On 28 February 2020, an article in The Guardian stated that Seibt was inspired by the Canadian alt-right, white nationalist, and conspiracy theorist Stefan Molyneux after being introduced to his blogs. She has been accused of both antisemitism and white nationalism due to her support for some on the alt-right. Seibt refused to comment; her mother denied that her daughter supports far-right politics. In April 2020, Seibt said her formal work with The Heartland Institute had come to an end. She said that it was her decision not to renew a contract, and it was made because the Landesanstalt für Medien NRW threatened to delete her YouTube channel on the grounds that she wants to influence German politics for an American think tank.

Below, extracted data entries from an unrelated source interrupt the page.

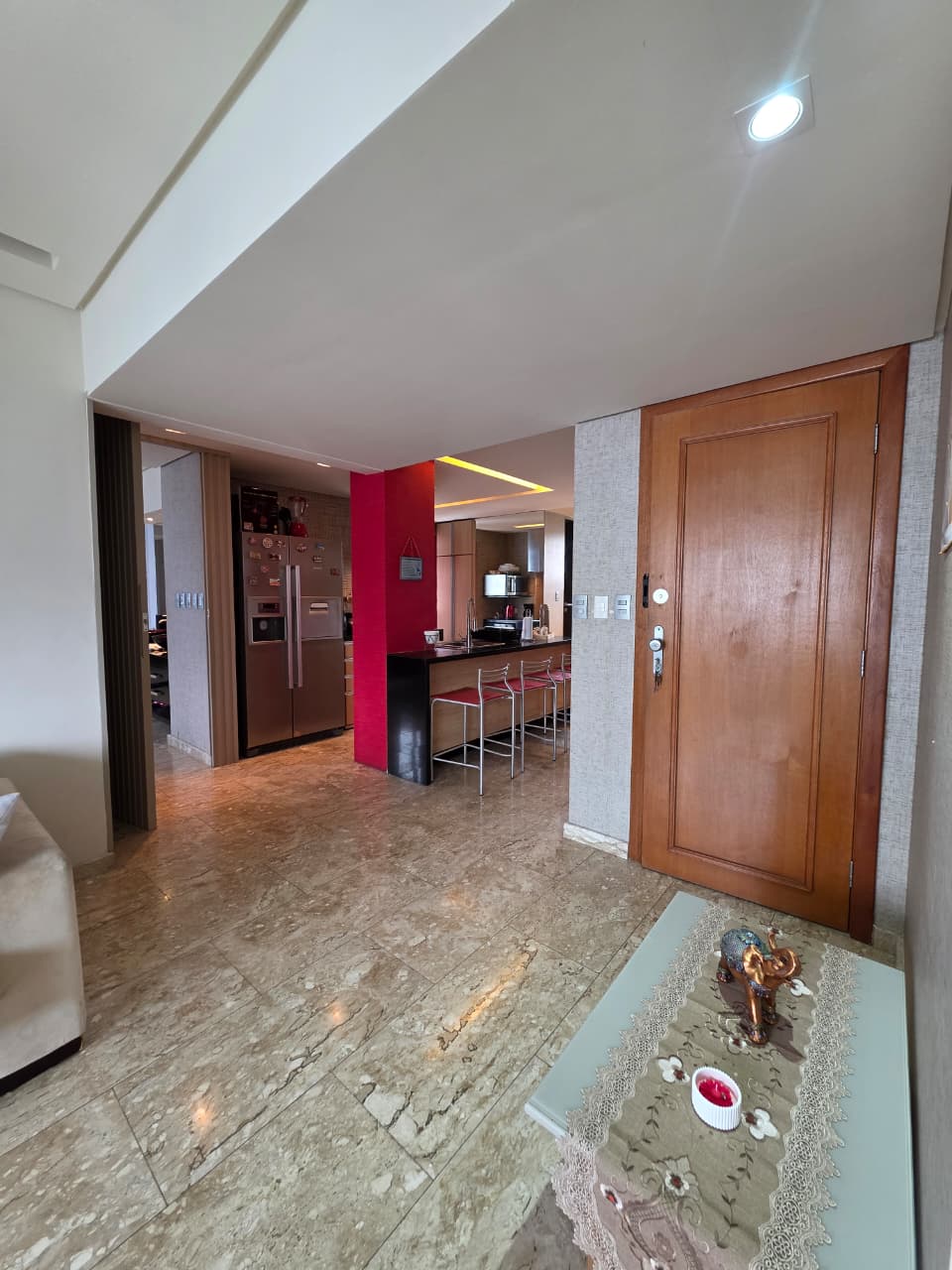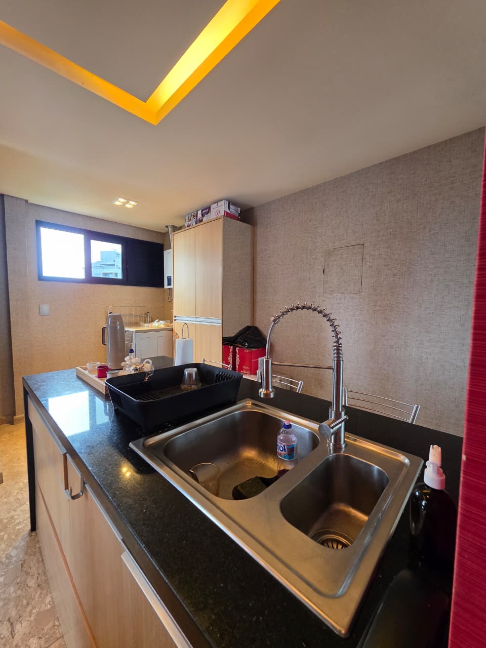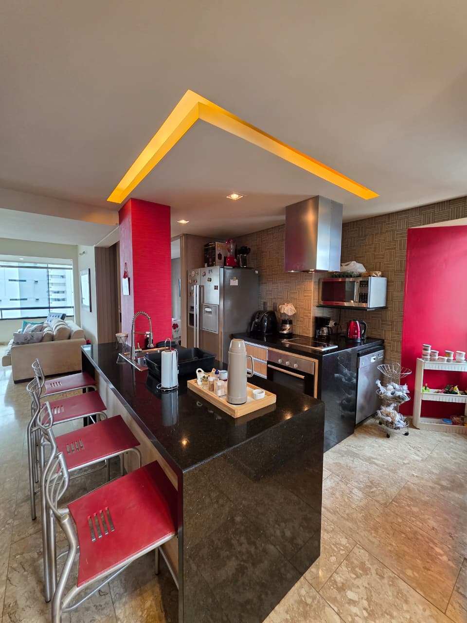 Quarto e Sala, de 74m², planta original de 2/4 + dependência, totalmente reformado, decorado, andar alto, nascente, ventilado, varanda incorporada a sala, piso Bege Bahia, lavabo, cozinha americana, 1 vaga de garagem.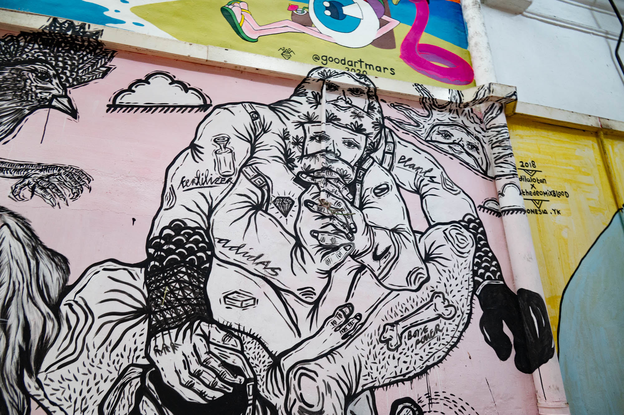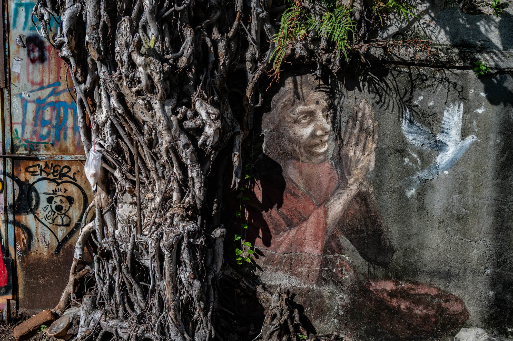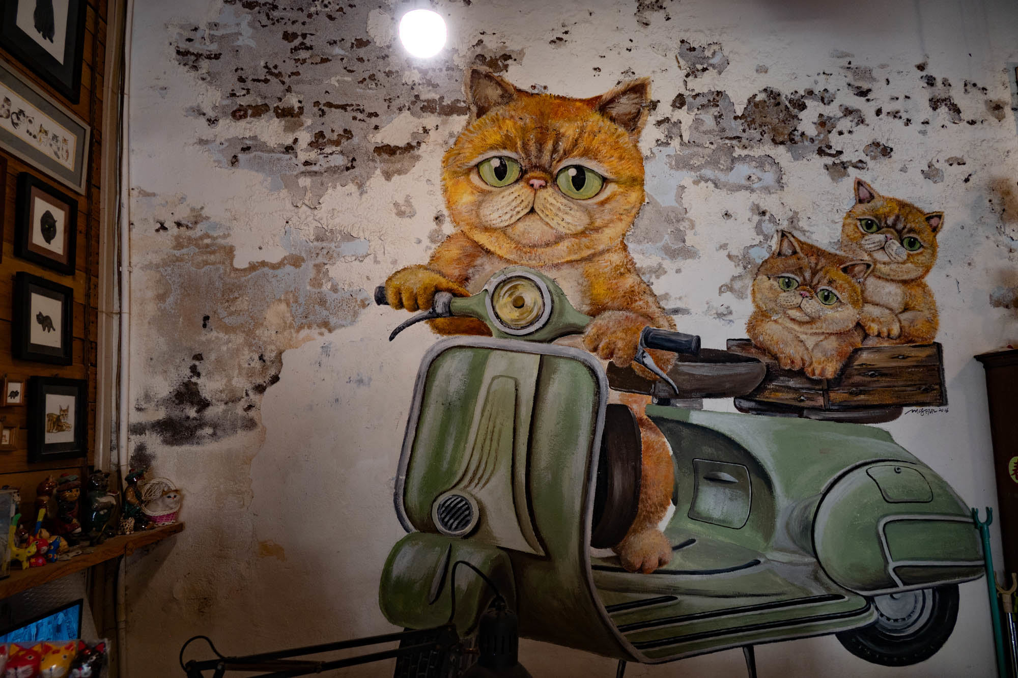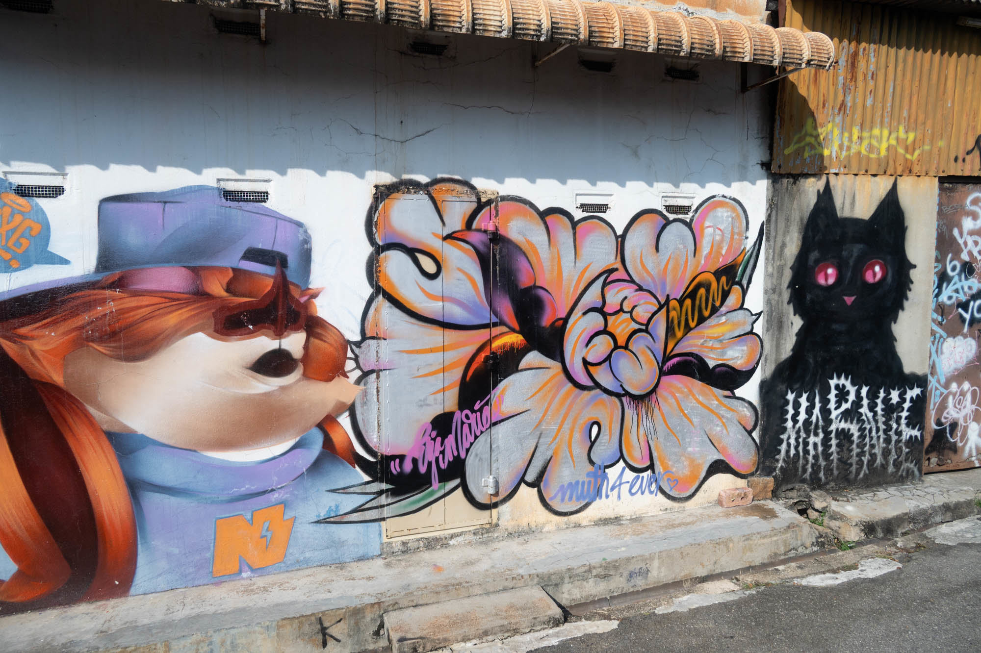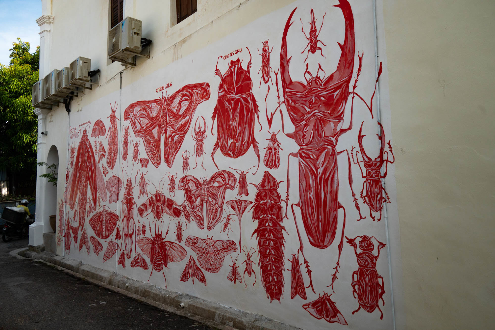 I have photographed countless murals, graffiti, and street art in my life, but nowhere was it created with as much humor and emotion as here in Penang. Not only have the artists poured their heart and soul into their work, but they have also brought out the soul of the city. An artwork awaits around every street corner; you have to walk a tremendous amount to find them, but in return, you collect a beautiful album of art. The rich mix of Malay, Chinese, Indian, and European influences that makes this city so amazing is reflected on the sometimes dilapidated walls. This art originated in the late sixties/early seventies in New York and Philadelphia, where young people began spraying names and images on walls and train cars as a form of protest or as a signature. Coincidentally, that is also the time I was at art school myself, where we mainly produced very tame work back then. Well, what do you expect? Working with sidewalk chalk had just been banned for the youth. Street art was not yet allowed and initially met with little appreciation. It wasn't until the eighties that the large murals appeared. Fortunately, there is no ban here in Penang, although there were probably a few raised eyebrows at the beginning as well, wondering whether all of that should simply be allowed. They have gained many tourists in return. I was certainly not the only one filling up my camera.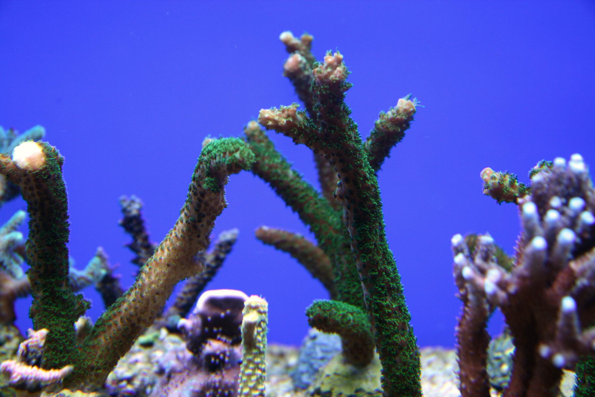 4) ну и то что получится откусить от акропора-рога - основной цвет коричневый с голубыми концами и зелеными прожилками.
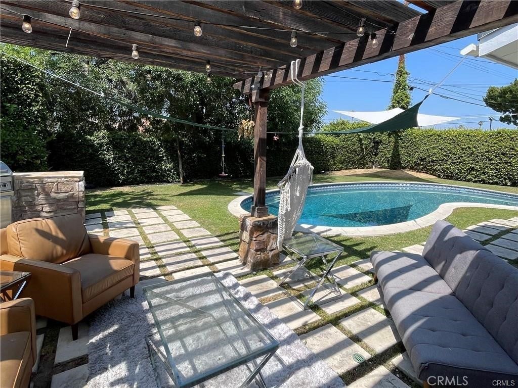 *REMODELED BATHROOMS* Beautifully upgraded 4-bed, 2-bath home with over 2,100 sqft on a quiet, tree-lined street in prime Winnetka. Features include a chef’s kitchen with marble counters and stainless steel appliances, formal living and dining rooms, spacious family/playroom, and dual-sided fireplace. The large primary suite offers a walk-in closet and Roman-style bath. Enjoy a private backyard with a pool, built-in stone BBQ, and lush landscaping—perfect for entertaining. Detached 2-car garage, recessed lighting, crown molding, and energy-efficient windows throughout. Don’t wait—call today to schedule your private tour! Available short term - price will vary.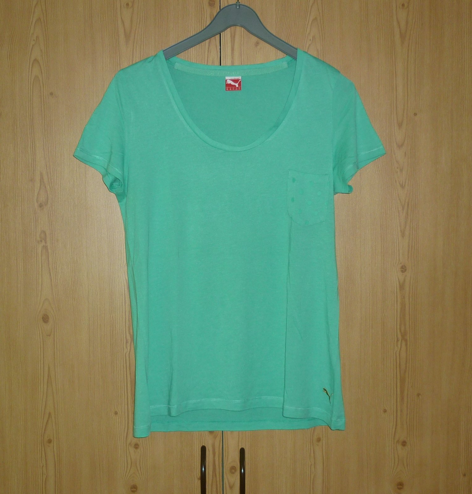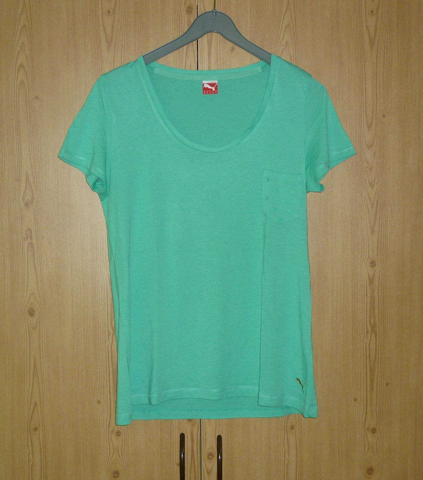 Prodám mentolově zelené dámské tričko Puma, pouze 1x na sobě, ve velmi dobrém stavu! Kulatý výstřih, krátký rukáv, vpředu nahoře kapsička s puntíky, vpředu dole vyšitý znak. Velmi příjemný, lehký, bavlněný materiál. Velikost: M. Rozměry: šířka v místě podpaží 47cm x 2, celková délka 67cm. Cena: 150,-Kč + poštovné. Koukněte na moje další inzeráty, třeba si něco vyberete a ušetříte na poštovném. Tel.: 728 455 567

In May 2020, she endorsed QAnon, a far-right conspiracy theory alleging that Donald Trump is fighting a satanic network of paedophiles drawn from liberal elites. Recent analysis shows that Seibt's Twitter following surged after she repeatedly referenced QAnon.

In November 2020, Seibt falsely claimed that COVID-19 had not yet been isolated and the PCR testing procedure (to detect the presence of the virus) was unreliable; she falsely claimed it was only based on a computer model of the virus genome. In October 2021, she claimed in an interview with SVT that young climate activists do not have enough knowledge on climate issues to be public speakers about the issue and that they have been scared into being exploited by those in power.

In November 2025 Seibt announced that she had requested Asylum in the United States, based on INA section 208.

== Views and public image ==
As of 2024, Seibt has been described as far-right and sometimes as extreme-right. She is affiliated with, and openly endorses, the far-right party AfD. In 2020, the Neue Zürcher Zeitung described Seibt as a "right-wing Youtuber" who "attacks climate science in her videos". The Guardian described her as a "so-called 'YouTube influencer' who tells her followers that Thunberg and other activists are whipping up unnecessary hysteria by exaggerating the climate crisis". Seibt self-identifies as libertarian.

Seibt was previously a paid conservative blogger and was promoted as "Anti-Greta", in response to Greta Thunberg, aligning herself with AfD. This image was further propagated in 2019 by the Heartland Institute, who compared her to Thunberg in promotional anti-climate change campaigns. In a 2020 interview with The Washington Post, Graham Brookie, the director of the Atlantic Council's Digital Forensic Research Lab, commented on Seibt's approach to Thunberg's message on climate, in which she counters Thunberg's "I want you to panic" by saying in a video posted on Heartland's website that "I don't want you to panic. I want you to think". Brookie said in an email: "While it is not outright disinformation, ... it does bear resemblance to a model we use called the 4d's — dismiss the message, distort the facts, distract the audience, and express dismay at the whole thing. The tactic is intended to create an equivalency in spokespeople and message. In this case, it is a false equivalency between a message based in climate science that went viral organically and a message based in climate skepticism trying to catch up using paid promotion."

Seibt's influence was boosted in 2024 by Elon Musk reposting her videos on X. Musk re-tweeted a Seibt video calling on CDU leader Friedrich Merz to ally with the AfD instead of a German centre-left party like the Greens, with Musk saying "Only the AfD can save Germany." She has also been accused of promoting white nationalist ideas on X by directly engaging with groups such as QAnon, along with related accounts and channels that propagate conspiracy theories. She has likewise endorsed figures directly associated with white nationalist movements, supporting their views.

She has also been found to spread disinformation on X, including several false claims linked to far-right and white nationalist online groups across multiple platforms, such as COVID-19 and climate-related content. A number of academic and journalistic publications have emphasised the links in her ideological beliefs between climate change denialism and white nationalism. In 2020, she was also found to be promoting disinformation, and acknowledging far-right conspiracy theories propagated by groups related to QAnon.